Geçmişte 93-94’lerde de Kürtlere çok ağır yönelimler oldu ancak hükümetin veya iktidarın istediği şekilde şekillenmemişti. Burada ise bir şekillenmeye doğru gidiliyor. Yani iktidara göre her şeyi şekillendirmeye yönelik bir bakış egemen. Bu nedenle bunu biraz daha farklı, biraz daha sistematik ve biraz daha faturası ileride çok ağır bir şekilde ortaya çıkacak bir dönem olarak değerlendirmek lazım.

“Devletin bu süreci bozduğunu sabırla izlemek lazımdı”

‘Devlet zaman zaman küçük tavizler veriyor’ şeklindeki sözlerini hatırlattığımız Türk, bu tavizlerin daha çok nerede, nasıl ve hangi koşullarda olduğu sorumuza ise İmralı’daki görüşmelerden 7 Haziran’a uzanan sürece değinerek yanıt verdi:

Sayın Öcalan’la görüşmeler oldu, heyetler oldu, ilk giden heyette ben de vardım, daha sonra bunu arkadaşlarımız sürdürdü. “Bu süreci belli bir noktaya getirirsek, küçük de olsa bazı adımlar atarsak –çünkü büyük adımlar atmaya müsait bir yapı yok- acaba şiddet sarmalından Türkiye’yi farklı bir noktaya götürebilir miyiz?” gibi bir hesap vardı. Ancak 7 Haziran seçiminde kazanan Kürtler oldu ya da Kürt siyaseti daha güçlü bir şekilde çıktı 7 Haziran’dan. Bu, onları rahatsız etti, bu da süreci bitirmeye yönelik bir adımın atılmasını beraberinde getirdi ve 7 Haziran’dan sonra masa devrildi, görüşmeler sona erdirildi.

Meseleyi sadece iç politikayla sınırlamak da doğru değil. Bir tarafta Ortadoğu’daki gelişmeler, diğer tarafta içeride tamamen devlete hakim olma ve kontrol altına alma hevesi, bu sürecin tamamen tıkanmasına ve şiddet sarmalının devam etmesine neden oldu.

“Siyaseti dürüstçe yapmak lazım, kendi açımızdan da eksiklerimizi dile getirmemiz lazım” diyen Türk, diplomasideki eksikliklere dikkat çekerken, 7 Haziran’dan önce devletin süreci bitirme kararı verdiğini vurguladı.

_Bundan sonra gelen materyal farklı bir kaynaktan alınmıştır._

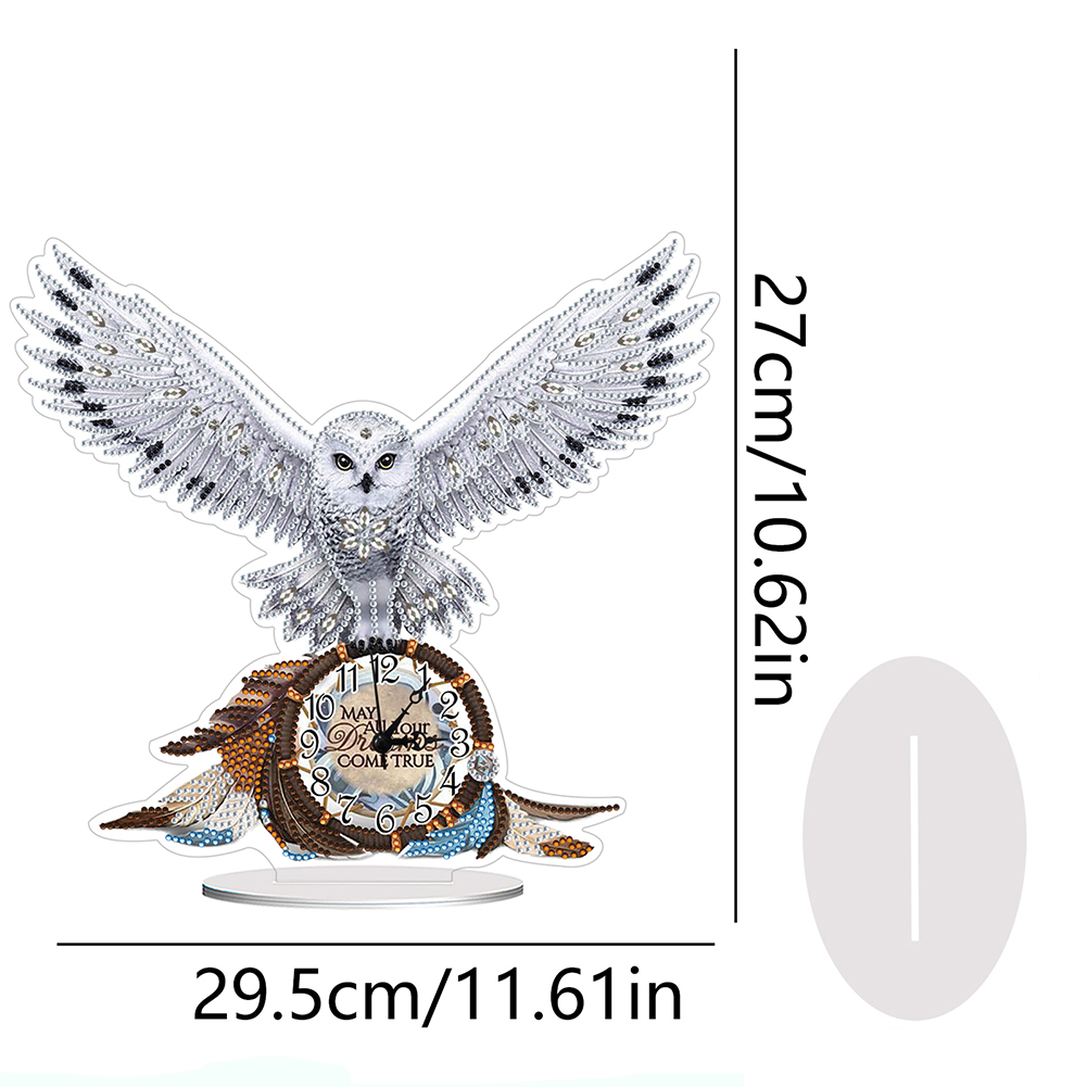 DIY White Owl Special Shape Acrylic Diamond Painting Clock Art Craft

Kolombiya örneği ile durumu açıklayan Türk, bir FARC yetkilisinin “Kolombiya devleti üzerimize geldikçe biz dünyaya çağrı yapıyoruz, savaşmak isteyen biz değiliz” sözlerini anımsattı:

O (devlet) bitirdiği zaman bizim de reste rest yapmamızın bir anlamı yoktu. Devletin bu süreci bozduğunu sabırla izlemek lazımdı, halkın bunu görmesi lazımdı, hatta Türkiye halkı ve dünyanın bunu görmesi gerekiyordu. Meşru makul taleplerimiz olmasına rağmen devletin savaş naralarına sabırsızca yanıt verilmesini siyaseten bir eksik olarak görüyorum.

Yasak, çatışma ve operasyonlar

Devamla bölgedeki yasak, operasyon, çatışma ve yıkıma ilişkin konuşan Mardin Belediyesi Eşbaşkanı Türk, şöyle devam etti:

Bu kadar tahribatın yapılması bizi üzdü. Devlet orada hendek kazıldığını görüyordu, bir tarafta Nusaybin’de hendek kazılırken polisler diğer tarafta seyrediyorlardı. Bence burada bir tuzağa çekilme oldu.

‘Artık geri dönülmez yoldayız’ açıklaması

Türk, yasak ve çatışmaların devam ettiği dönemde yaptığı “Artık geri dönülmez yoldayız” açıklamasına ilişkin “Bugün hala geri dönülmez yolda mıyız, eğer öyleyse bu yoldan nasıl dönülür ve eğer öyle değilse de bu yol ne durumda?” sorumuzu ise şöyle yanıtladı:

Bazı şeylerden dersler çıkarılacağına inanıyorum, bütün bu eleştirilerimi yaparken biraz daha demokratik siyaseti önemseyen bir mantıkla meseleye yaklaşılması gerektiğini söylemek istiyorum. Çünkü mücadele ve yaşam tek yönlü değildir. Birçok aktörü vardır, siyasette birçok doğrular vardır. Bu nedenle doğruları birleştirmek, eksikleri de ortaya koyup tartışmak lazım.  Böyle olunca daha sağlıklı bir yapı ve mücadele anlayışı ortaya çıkar diye düşünüyorum.

Ortadoğu ve Kürt meselesi

Kürt meselesi çözülmeden Türkiye ve Ortadoğu’da demokratikleşmenin mümkün olmadığını vurgulayan Türk, “Bu nedenle Ortadoğu’da Kürt meselesi çözülmek zorunda” dedi. Türk, Kürt sorununun çözümü durumunda Ortadoğu’da etnik çatışmaların da kalkacağını belirterek şu değerlendirmeyi yaptı:

Kürt meselesi çözülmeden ne Suriye’de demokratik bir Suriye oluşabilir ne Irak’ta demokratik bir Irak oluşabilir ne de Türkiye demokratik bir Türkiye’ye dönüşebilir. Bu nedenle Kürtler bugün politize olmuş bir güç ve önemli bir aktör, 40 milyon nüfusuyla Ortadoğu’da yaşayan bir halk. Ama hiçbir statüsü yok.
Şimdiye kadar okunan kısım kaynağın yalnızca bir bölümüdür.